------ SUPPLIED DATA

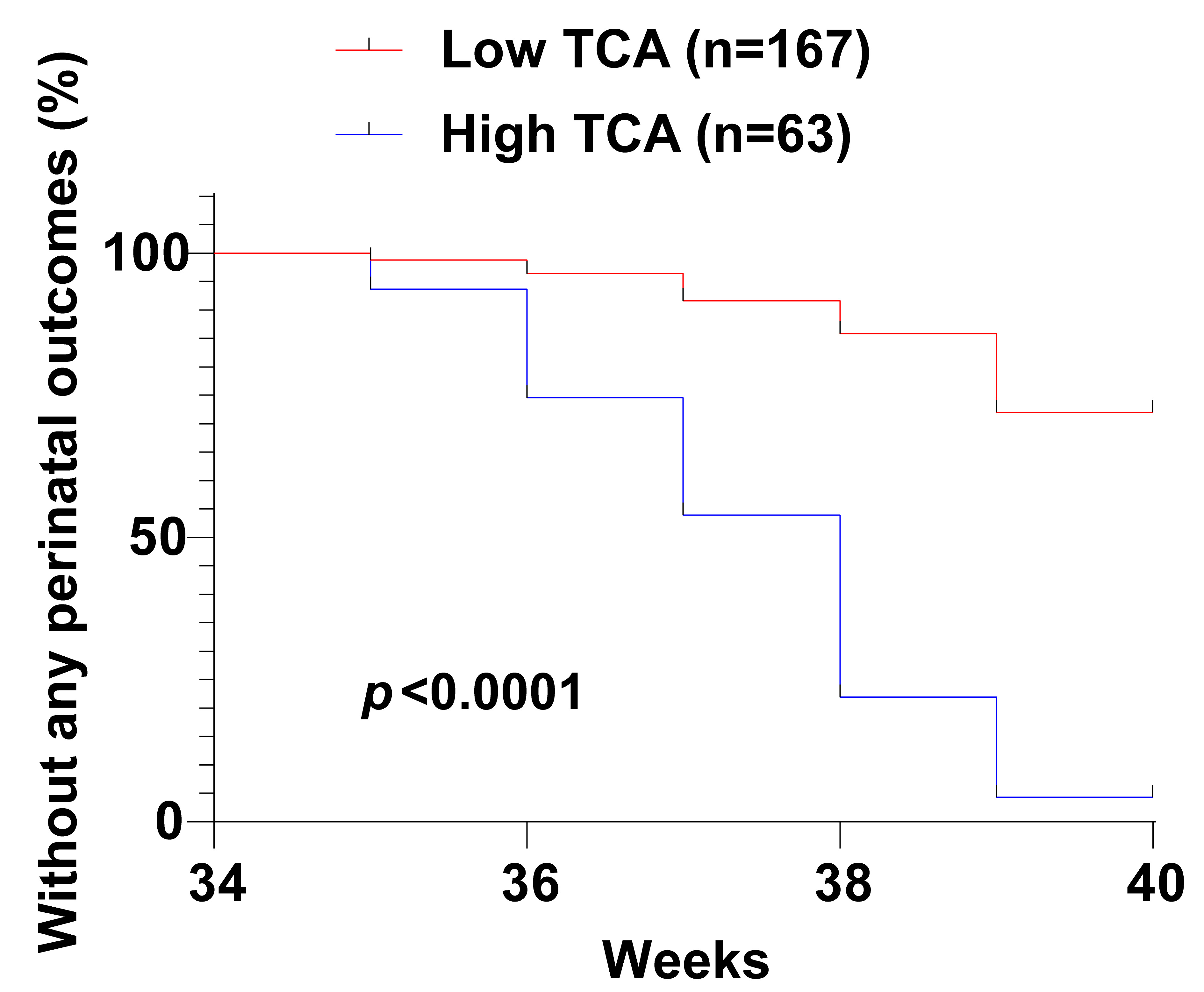 Fig. 4.Kaplan-Meier curve analyses of the impact of serum TCA levels on adverse maternal and fetal outcomes in ICP patients.
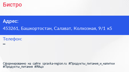Бистро по адресу 453261, Башкортостан, Салават, Колхозная, 9/1 к5 в дальнейшем Организация, размещена в следующих категориях:
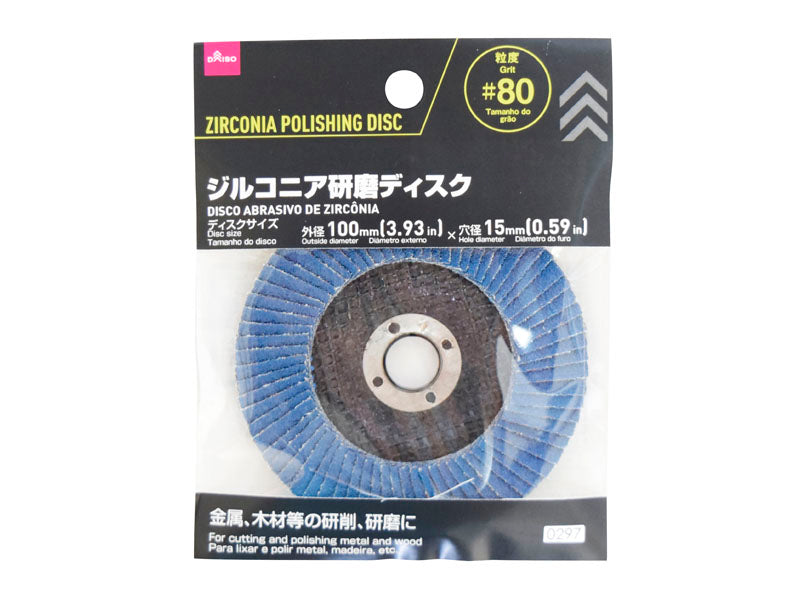 ディスクサイズ:外径100mm×穴径15mm 粒度#80 金属、木材等の研削、研磨に 最高周速度:4800m/min 最高回転数:15200_rpm 加工面に対して研磨ディスクを15°から30°傾けて使用してください。●使用する際は、安全メガネ、安全帽子、防塵マスク、作業用手袋を必ず着用してください。●最高回転数15200_rpmを超えて使用しないでください。●使用前に1分間の空転テストを行ってください。●引火危険物の近くで使用しないでください。●使用後は研磨物や製品が高熱を帯びますので、素手で触らないようにしてください。●無理な力や強い衝撃を与えないでください。●お子様の手の届かない場所で使用・保管してください。●直射日光・高温多湿の場所を避けて、使用・保管してください。●変形・破損した場合、直ちに使用を中止してください。●火や熱源のそばに置かないでください。●本来の用途以外に使用しないでください。

------------

WHAT NEEDS TO BE DONE |
Put down exactly the lines of the data above that run from its first line through the line bearing "Бистро по адресу", and no pictures.

ANSWER BOX |
 Fig. 4.Kaplan-Meier curve analyses of the impact of serum TCA levels on adverse maternal and fetal outcomes in ICP patients.
Бистро по адресу 453261, Башкортостан, Салават, Колхозная, 9/1 к5 в дальнейшем Организация, размещена в следующих категориях:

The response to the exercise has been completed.